The configuration file defines source files and target geographic regions:

{
  "output_path": "../output",
  "source_files": {
    "icij": "../sources/icij-20220503.json",
    "open_sanctions": "../sources/open_sanctions-20250415.json"
  },
  "target_geos": {
    "lasvegas": {
      "countries": ["us", "usa", "united states"],
      "states": ["nv", "nevada", "us-nv"],
      "cities": ["las vegas"],
      "function": "pure_config"
    },
    "singapore": {
      "countries": ["sg", "singapore"],
      "states": [],
      "cities": ["singapore"],
      "function": "city_or_country"
    }
  }
}

Configuration Fields

Field Description
output_path Directory where extracted JSONL files are written
source_files Map of source code names to JSONL file paths
target_geos Map of geo names to matching criteria

Geo Matching Functions

  • pure_config - Matches records based on explicit city/state/postal_code values
  • city_or_country - For locations where the city name equals the country name (e.g., Singapore, Malta)

Usage

Extracting Records by Geography

Run from the src/ directory:

cd src

# Extract records for a single source and geo
python3 geo_extractor.py <source_code> <geo> [geo2] [geo3] ...

# Examples:
python3 geo_extractor.py icij malta
python3 geo_extractor.py open_sanctions iran iraq
python3 geo_extractor.py icij all                    # Process all configured geos
python3 geo_extractor.py all lasvegas                # Process all configured sources

Output files are written to output_path with naming format: SOURCE-GEO.jsonl

Example: icij-malta.jsonl, open_sanctions-iran.jsonl

Updating Statistics Spreadsheet

After extracting records, update the statistics spreadsheet:

cd src

# Update stats for all JSONL files in a directory
python3 get_cord_stats.py <directory_or_glob_pattern>

# Examples:
python3 get_cord_stats.py ../output
python3 get_cord_stats.py "../output/icij-*.jsonl"

The script:

  1. Reads each JSONL file (expects SOURCE-GEO.jsonl naming format)
  2. Counts records and features by type
  3. Updates or inserts rows in _CORD_STATS.xlsx (must exist in the target directory)
  4. Sets LAST_UPDATED timestamp for changed rows
  5. Creates a .bak backup before saving

Statistics Spreadsheet Format

The _CORD_STATS.xlsx file tracks extraction results with these columns:

Column Description
LAST_UPDATED Timestamp of last update
SOURCE Source code (e.g., icij, open_sanctions)
GEO Geographic region (e.g., malta, iran)
RECORD_COUNT Total records extracted
PERSON_COUNT Records with RECORD_TYPE=PERSON
ORGANIZATION_COUNT Records with RECORD_TYPE=ORGANIZATION
*_FEATURES Count of each feature type (NAME, ADDRESS, PHONE, etc.)

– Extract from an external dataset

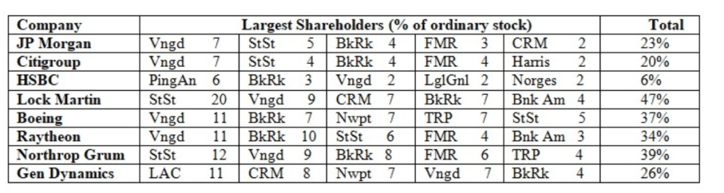 L’étude oublie toutefois un détail essentiel : les six mêmes entités financières citées ci-dessus figurent également en bonne place parmi les plus gros actionnaires institutionnels de toutes les sociétés d’armement examinées (voir le tableau 2, qui comprend également un résumé des plus gros actionnaires de JP Morgan, Citibank et HSBC – cette dernière domiciliée au Royaume-Uni). En effet, Vanguard (Vngd) et BlackRock (BkRk) sont en tête de liste des plus gros actionnaires des cinq piliers du complexe de guerre permanent, suivis de State Street Corporation (StSt), qui figure parmi les cinq plus gros actionnaires de quatre des sociétés. Parallèlement, Capital RM (CRM), Newport Trust (Nwpt), Fidelity MR (FMR), Bank of America (BofAm) et T Rowe Price (TRP) figurent parmi les cinq plus gros actionnaires de deux des sociétés d’armement.

A sample template is provided at samples/_CORD_STATS.xlsx.

Workflow Example

# 1. Configure source files and target geos in geo_extractor_config.json

# 2. Extract records for specific sources and geos
cd src
python3 geo_extractor.py icij malta moscow singapore
python3 geo_extractor.py open_sanctions iran iraq

# 3. Update statistics spreadsheet
python3 get_cord_stats.py ../output

# 4. Review results in ../output/_CORD_STATS.xlsx

File Structure

geo-extractor/
├── src/
│   ├── geo_extractor.py           # Main extraction script
│   ├── geo_extractor_config.json  # Configuration file
│   ├── get_cord_stats.py          # Statistics collection script
│   ├── json2attribute.py          # JSON record parser
│   └── sz_default_config.json     # Senzing attribute definitions
├── samples/
│   └── _CORD_STATS.xlsx           # Sample statistics template
├── sources/                        # Source JSONL files (not included)
└── output/                         # Extracted output files

License

Apache-2.0